The proposals include adding a £200 health levy to six-month visa costs and charging people who are in the UK for less than six months for GP visits.
The scheme also aims to step up the measures used to reclaim hospital treatment costs from EU patients via insurance.
The BMA and disease control specialists have expressed concern at the public health risks posed by denying free NHS care to many visitors and migrants.
According to Hunt, treating ‘foreigners’ costs the NHS £30m per year, which is a matter of “widespread public concern” (though the total is only 0.6% of the annual ‘Nicholson challenge’).
The National Aids Trust warned that the new measures would “undermine years of work to encourage marginalised at-risk groups to access HIV testing and treatment,” and so risk “accelerating the spread of HIV in the general population”.
Dr Laurence Buckman, Chair of the BMA’s GP Committee, commented: “The BMA would strongly oppose any system where GPs are required to act as UK Border Force agents and enforce immigration checks.”

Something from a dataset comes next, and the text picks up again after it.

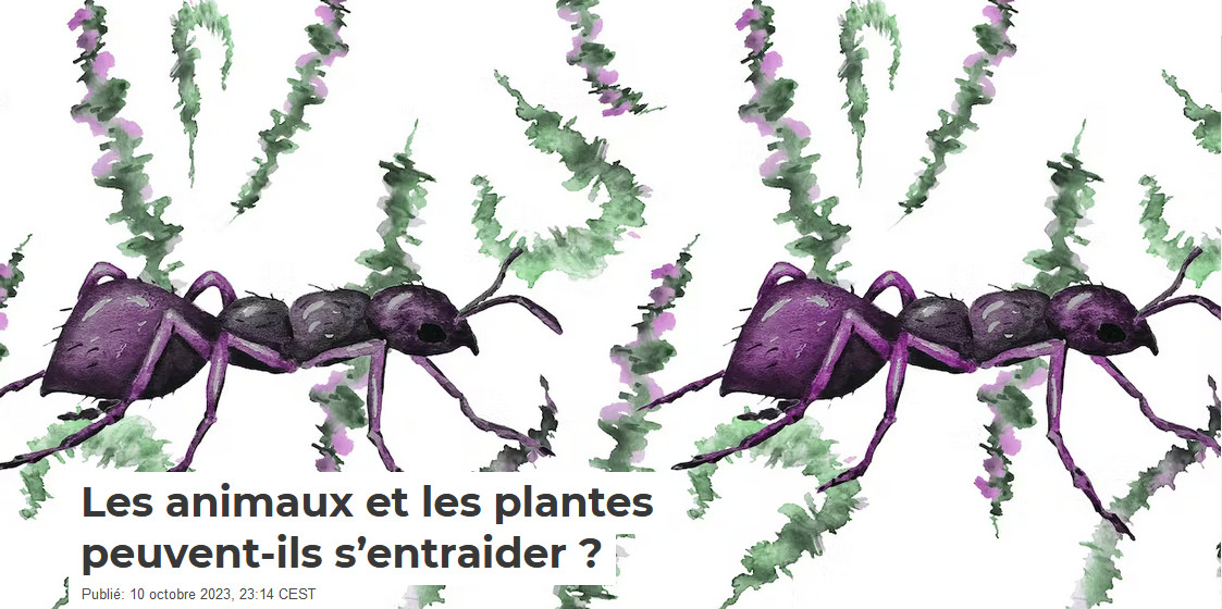 Céline Leroy. Les animaux et les plantes peuvent-ils s’entraider ? , theconversation 10 octobre 2023. Article très intéressant sur le mutualisme entre plantes et pollinisateurs, les fourmis qui protègent les plantes.

He called for an “impact assessment” to determine how much time and money the scheme would cost.
“We need to ensure that financial considerations are balanced with a doctor’s ethical obligation to meet the needs of patients, irrespective of their immigration status, and that safeguards exist to protect vulnerable individuals,” commented Dr Vivienne Nathanson, Director of BMA Professional Activities.
“Doctors also have an important obligation to protect public health. If parts of the population are not able to access healthcare, this could result in highly transmissible conditions, such as TB, going undetected and spreading more widely across the population.”